Excerpted records:
────────────────────────────────────────

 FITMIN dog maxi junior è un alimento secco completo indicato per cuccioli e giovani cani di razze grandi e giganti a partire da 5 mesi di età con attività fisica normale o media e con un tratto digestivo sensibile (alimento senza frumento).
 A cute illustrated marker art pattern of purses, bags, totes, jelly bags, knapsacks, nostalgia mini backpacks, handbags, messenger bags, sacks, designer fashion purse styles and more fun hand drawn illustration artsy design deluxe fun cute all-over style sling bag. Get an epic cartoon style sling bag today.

────────────────────────────────────────

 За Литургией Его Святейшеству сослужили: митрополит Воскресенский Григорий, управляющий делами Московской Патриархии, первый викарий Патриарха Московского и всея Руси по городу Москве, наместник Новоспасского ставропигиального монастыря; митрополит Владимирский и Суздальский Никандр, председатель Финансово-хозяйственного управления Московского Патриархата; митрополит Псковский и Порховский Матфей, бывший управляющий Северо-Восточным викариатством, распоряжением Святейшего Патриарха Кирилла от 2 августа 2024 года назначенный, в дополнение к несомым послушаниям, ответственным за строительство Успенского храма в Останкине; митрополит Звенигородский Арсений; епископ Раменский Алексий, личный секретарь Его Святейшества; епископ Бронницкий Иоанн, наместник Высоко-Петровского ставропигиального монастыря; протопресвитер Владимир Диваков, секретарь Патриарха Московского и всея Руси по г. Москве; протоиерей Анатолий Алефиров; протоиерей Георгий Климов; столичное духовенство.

────────────────────────────────────────

What is being asked:
Your task is to transcribe, with no changes, only the lines of the listing above that lie between the line holding "FITMIN dog maxi" and the line holding "A cute illustrated", inclusive.

Solution to this problem:
 FITMIN dog maxi junior è un alimento secco completo indicato per cuccioli e giovani cani di razze grandi e giganti a partire da 5 mesi di età con attività fisica normale o media e con un tratto digestivo sensibile (alimento senza frumento).
 A cute illustrated marker art pattern of purses, bags, totes, jelly bags, knapsacks, nostalgia mini backpacks, handbags, messenger bags, sacks, designer fashion purse styles and more fun hand drawn illustration artsy design deluxe fun cute all-over style sling bag. Get an epic cartoon style sling bag today.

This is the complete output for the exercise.